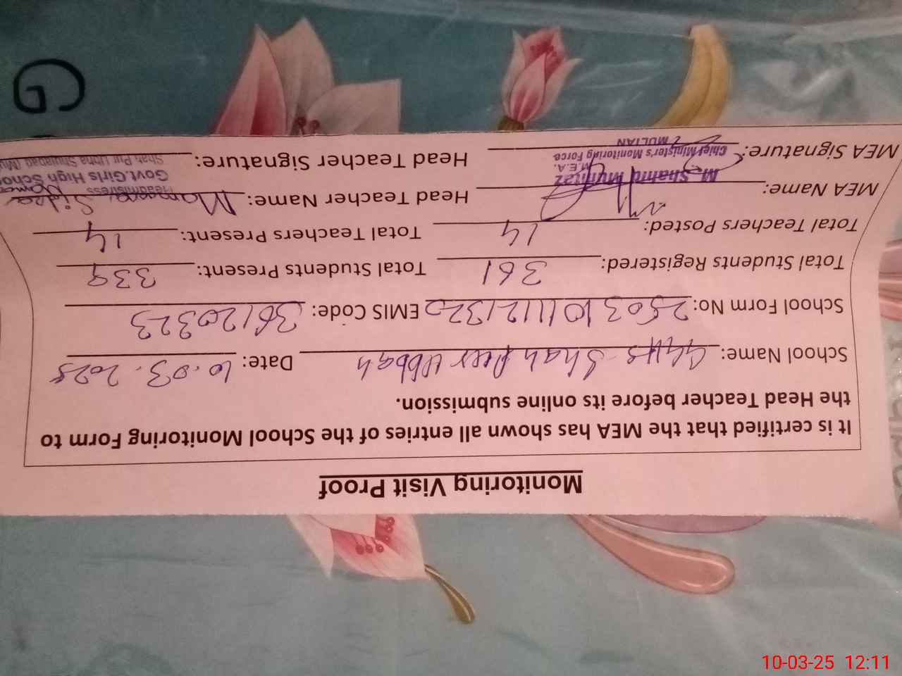| EMIS Code: 36120323 | Name of School: GGHS SHAH PUR UBBHA SHUJABAD | |||
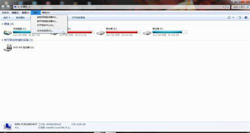 第一步:双击打开桌面上“计算机”图标,单击菜单栏的“工具”,弹出的快捷菜单单击“文件夹选项”。
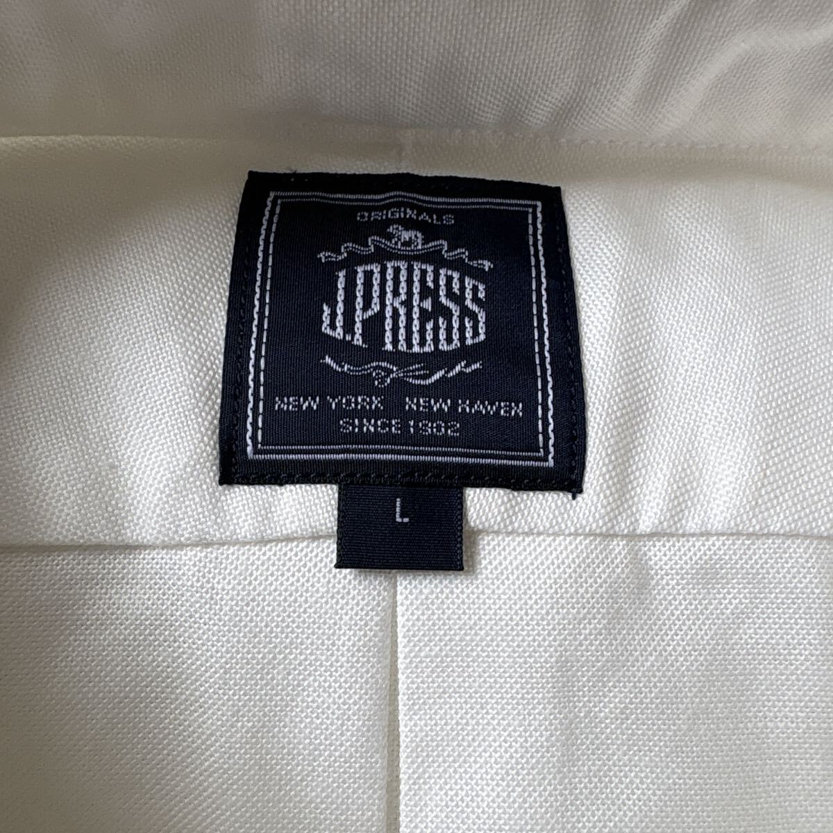 新品 タグ付き J.PRESS ジェイプレス 長袖 アービング オックスフォード ボタンダウンシャツ ホワイト 白色 Lサイズ 綿100%
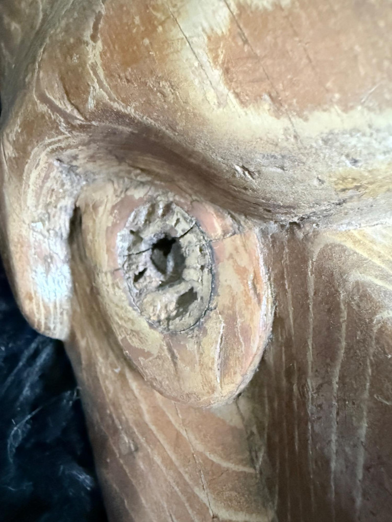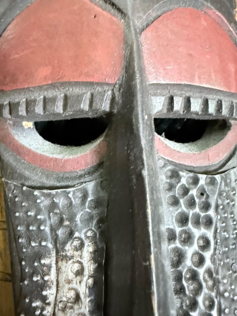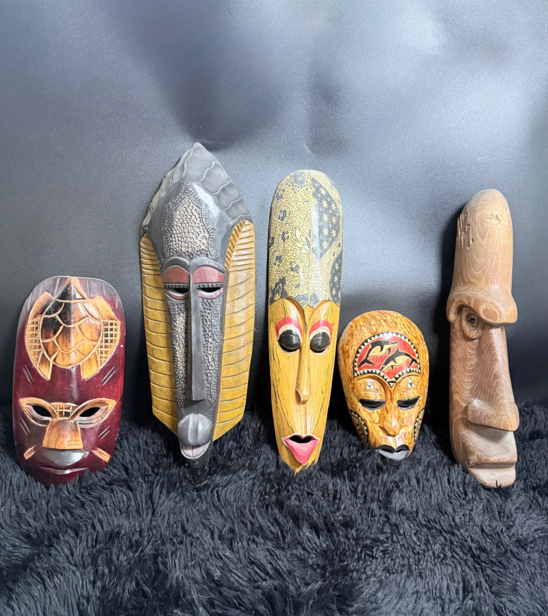 • One stylized mask with deep-set eyes and prominent carved features resembling Oceanic decor
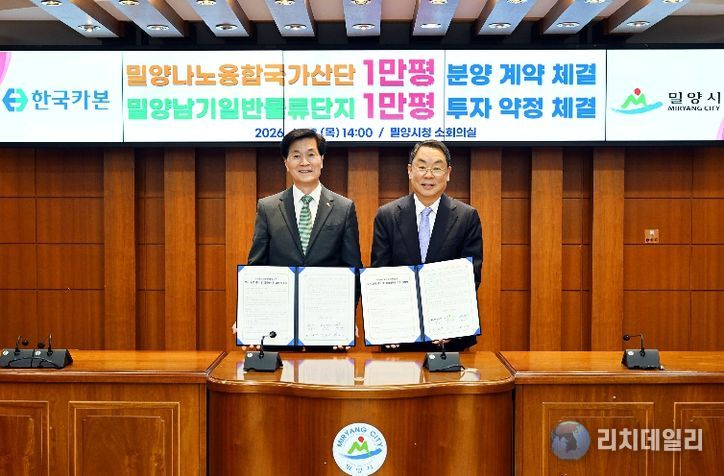리치데일리 김상현 기자 | 경남 밀양시는 23일 시청 소회의실에서 ㈜한국카본, 한국토지주택공사 경남지역본부와 함께 ‘밀양나노융합국가산업단지 부지분양 계약 및 밀양남기일반물류단지 투자약정’을 체결했다.
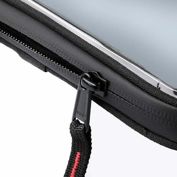 • Pentru o atingere mai buna a smartphone-ului cu o folie activa, exista un compartiment din plasa cu deschidere laterala larga (permite introducerea cu usurinta a telefonului) inchis cu curea velcro, pentru un control perfect la atingere
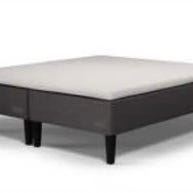 Svane seng med overmadrass i lys tekstil. Sengen består av to separate underdeler som står samlet som en dobbeltseng. Overmadrassen dekker hele liggeflaten. Understellet har lys tresokkel som gir et helhetlig uttrykk. Passer som dobbeltseng på soverom, gjesterom eller andre rom der det er behov for en større sengeløsning.
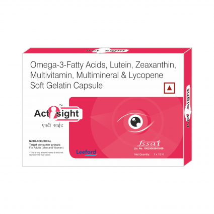 | DESCRIPTION: | Actisight softgel contain Carotenoids (Lycopene, Lutein and Zeaxanthin), Omega 3 fatty acids, Vitamin C, Vitamin E and minerals for the maintenance of eye sight and eye health in all age groups. Actisight lowers risk of Age related macular degeneration (Vision loss) & Cataract. It improves visual field, visual sharpness and reduces the rate of visual decline. It helps to treat Glaucoma, Retinitis Pigmentosa and Dry Eyes. |
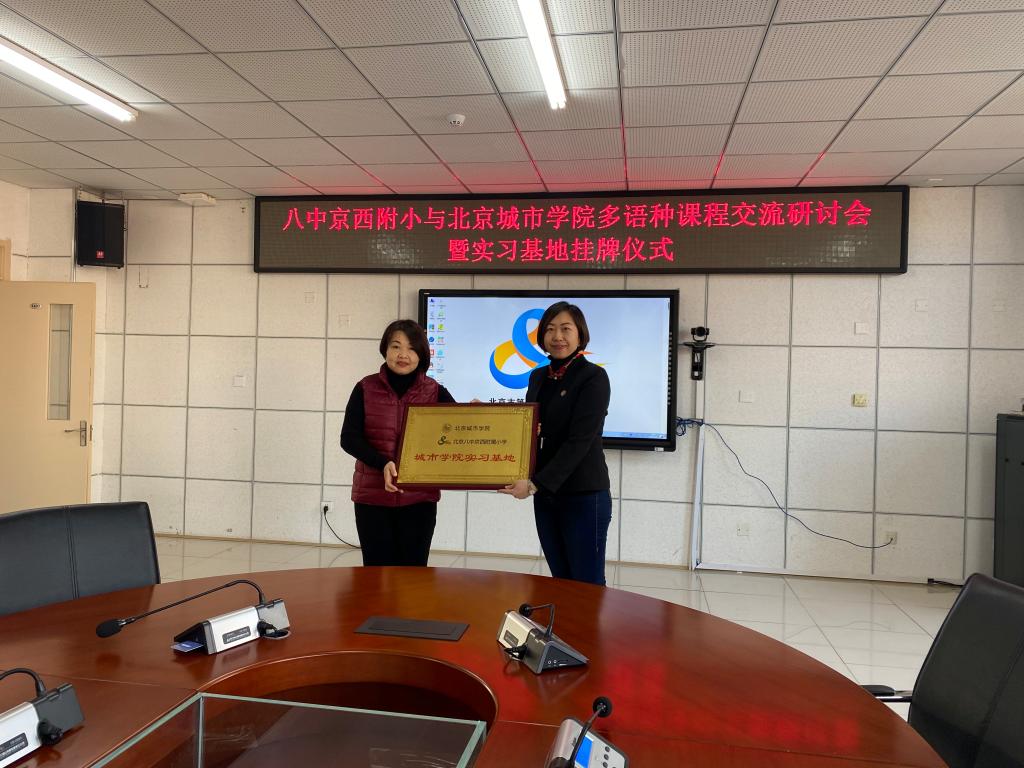 12月25日,文传学部赴探花直播市第八中学京西附属小学开展多语种课程交流研讨会,并隆重举行实习基地挂牌仪式。文传学部于2020-2021学年秋季学期派出德语、法语、西班牙语专业2021届优秀毕业生参与八小的小语种课程教学活动,学生通过实习不仅锻炼了语言综合应用能力,还提升了教学方法、课堂管理等教育教学能力。
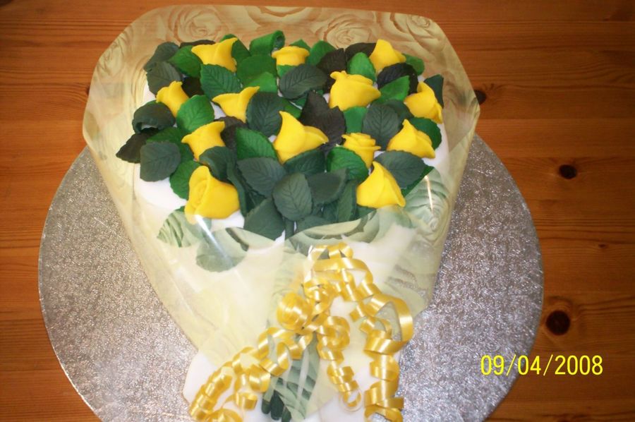 This was a fruit cake and I just covered it with roses and leaves made from marzipan. To add that special authentic touch I purchased some florist cellophane and a card to make it look like a real bouquet.
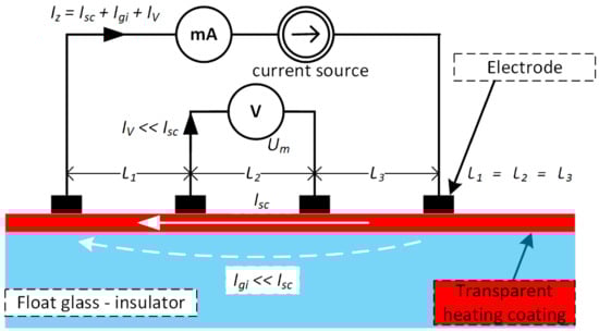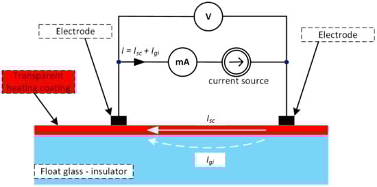 In the case of conductive layers deposited on glass (insulated substrate), the resistance measurement is related to the part where the cross current flows through a known cross-section of the layer (square). The contribution of the current flowing through the glass on which the conductive layer is deposited is negligibly small compared to the total measurement current in which the main contribution is the current flowing through the conductive layer —see Figure 3.
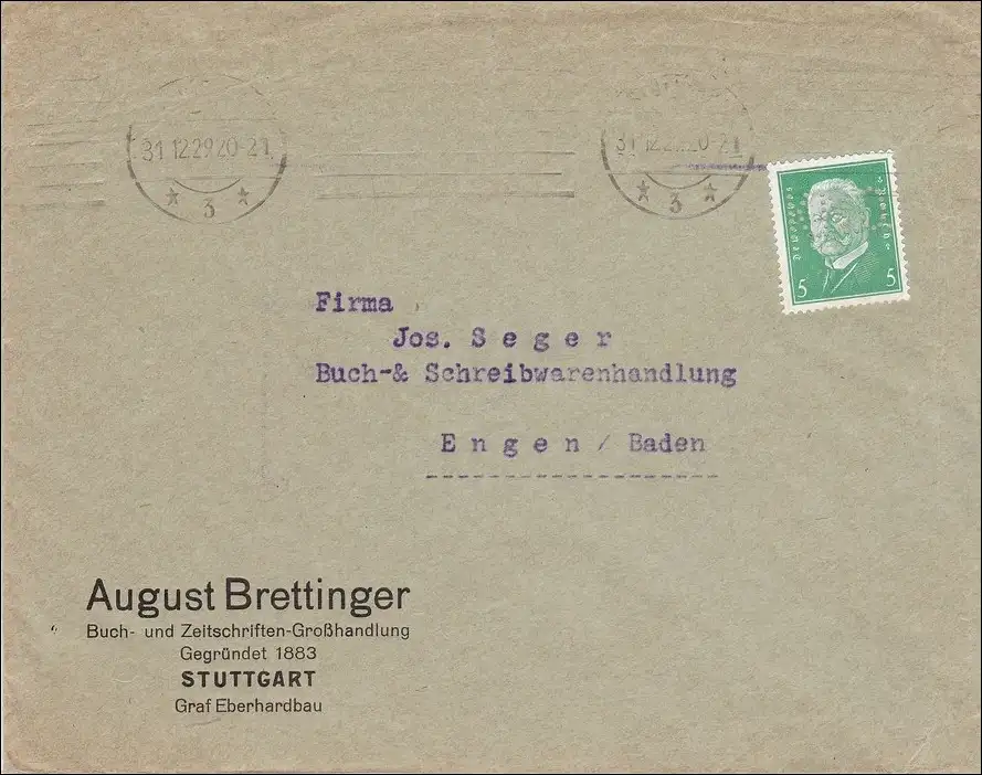 Perfin: Brief aus Stuttgart, August Brettinger, 1929, K.N.O.
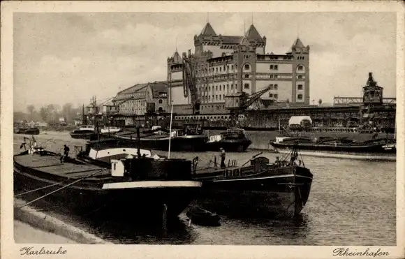 Ak Karlsruhe in Baden, Rheinhafen, Frachtschiffe
════
§ WHAT YOU NEED TO DO
Set down the records above word for word, from the first line through the line containing "This was a fruit", both included; leave out the pictures.

§ TASK OUTPUT
| EMIS Code: 36120323 | Name of School: GGHS SHAH PUR UBBHA SHUJABAD | |||
 第一步:双击打开桌面上“计算机”图标,单击菜单栏的“工具”,弹出的快捷菜单单击“文件夹选项”。
 新品 タグ付き J.PRESS ジェイプレス 長袖 アービング オックスフォード ボタンダウンシャツ ホワイト 白色 Lサイズ 綿100%
 • One stylized mask with deep-set eyes and prominent carved features resembling Oceanic decor
리치데일리 김상현 기자 | 경남 밀양시는 23일 시청 소회의실에서 ㈜한국카본, 한국토지주택공사 경남지역본부와 함께 ‘밀양나노융합국가산업단지 부지분양 계약 및 밀양남기일반물류단지 투자약정’을 체결했다.
 • Pentru o atingere mai buna a smartphone-ului cu o folie activa, exista un compartiment din plasa cu deschidere laterala larga (permite introducerea cu usurinta a telefonului) inchis cu curea velcro, pentru un control perfect la atingere
 Svane seng med overmadrass i lys tekstil. Sengen består av to separate underdeler som står samlet som en dobbeltseng. Overmadrassen dekker hele liggeflaten. Understellet har lys tresokkel som gir et helhetlig uttrykk. Passer som dobbeltseng på soverom, gjesterom eller andre rom der det er behov for en større sengeløsning.
 | DESCRIPTION: | Actisight softgel contain Carotenoids (Lycopene, Lutein and Zeaxanthin), Omega 3 fatty acids, Vitamin C, Vitamin E and minerals for the maintenance of eye sight and eye health in all age groups. Actisight lowers risk of Age related macular degeneration (Vision loss) & Cataract. It improves visual field, visual sharpness and reduces the rate of visual decline. It helps to treat Glaucoma, Retinitis Pigmentosa and Dry Eyes. |
 12月25日,文传学部赴探花直播市第八中学京西附属小学开展多语种课程交流研讨会,并隆重举行实习基地挂牌仪式。文传学部于2020-2021学年秋季学期派出德语、法语、西班牙语专业2021届优秀毕业生参与八小的小语种课程教学活动,学生通过实习不仅锻炼了语言综合应用能力,还提升了教学方法、课堂管理等教育教学能力。
 This was a fruit cake and I just covered it with roses and leaves made from marzipan. To add that special authentic touch I purchased some florist cellophane and a card to make it look like a real bouquet.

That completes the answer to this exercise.